This tutorial shows a simple example of using named
jit.matrix objects in a feedback loop. We'll use a matrix of random values to seed an iterative process (in this case, Conway's Game of Life).
The tutorial patch generates an initial matrix of randomized values with the
jit.noise object:
The
jit.noise object generates a Jitter matrix full of random values. The
dim,
planecount, and
type attributes of the object determine its output matrix (in this instance, we want an
80 x
60 cell matrix of one-plane char data). Our random cell values (which are initially in the range
0 -
255) are then set to true (
0) or false (
255) by the
jit.op object. The
> operator to
jit.op takes the value from the
number box (arriving at the right inlet of the object) and uses it as a comparison operator. If a cell value is below that value the cell's value is set to
0. Otherwise the cell is set to
255. Sending a
bang to
jit.noise will generate a new random matrix.
• Try changing the number box attached to the
jit.op object. Click the
button attached to the
jit.noise object to generate a new matrix each time. Notice how higher comparison values yield fewer white (
255) cells. The small
jit.pwindow below the
jit.op object shows you the random matrix. The one-plane matrix data is correctly interpreted by the
jit.pwindow object as grayscale video.
The quantized noise we've generated at the top of our patch goes from the
jit.op object into a
jit.matrix object with the
name of
cellular:
This
jit.matrix object, which receives
bang messages from a
metro object at the top of the patch, is connected to an object called
jit.conway, the output of which is hooked up to another
jit.matrix with the same
name (
cellular) as the first. The result of this is that the output of the
jit.conway object (whatever it does) is written into the
same matrix that its input came from, creating a feedback loop.
• Start the
metro object by clicking the
toggle box. The
jit.pwindow at the bottom of the patch will show you the output of the
jit.conway object.
If you want to start with a fresh random matrix, you can always copy a new matrix into the feedback loop by clicking the
button attached to the
jit.noise object. The matrix from the
jit.op object will go into our shared
cellular matrix and will be used in the feedback loop.
The
jit.conway object performs a very simple cellular automata algorithm called the 'Game of Life' on an input matrix. Developed by John Conway at Princeton University, the algorithm simulates cycles of organic survival in an environment with a finite food supply. The cells in the matrix are considered either alive (non-
0) or dead (
0). Each cell is compared with the cells surrounding it in space. If a live cell has two or three live neightbors, it stays alive. If it has more or less than that number, it dies (i.e. is set to
0). If a dead cell has exactly three live neighbors it becomes alive (i.e. is set to
255).

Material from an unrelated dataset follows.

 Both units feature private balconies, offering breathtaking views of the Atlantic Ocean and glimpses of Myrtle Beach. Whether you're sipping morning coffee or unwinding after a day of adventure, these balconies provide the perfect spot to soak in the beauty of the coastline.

It's that simple.
Every time the
jit.conway object receives an input matrix it performs one generation of the Game of Life on that matrix. Therefore, it makes sense to use the object inside of a feedback loop, so we can see multiple generations of the algorithm performed on the same initial set of data.
For example, the initial random matrix:
Some random matrix values
Generates the following matrices in the first four iterations through the
jit.conway object:
The first four generations of the Game of Life performed on the dataset above
After seeding the feedback loop with a random matrix, you can turn on the
metro object and watch the algorithm run! The Game of Life is designed in such a way that the matrix will eventually stabilize to either a group of self-oscillating cell units or an empty matrix (a dead world). In either case you can just
bang in a new set of numbers and start all over again.
You can use the
name attribute of the
jit.matrix object to create feedback loops in your Jitter processing. By using two
jit.matrix objects with the same
name at either end of an object chain, you create a patch where the output of the chain gets written to the same Jitter matrix as the input comes from. The
jit.noise object generates matrices of random numbers of any
type,
dim, or
planecount. The
jit.conway object, which works best within such a feedback loop, performs simple cellular automatation on an input matrix.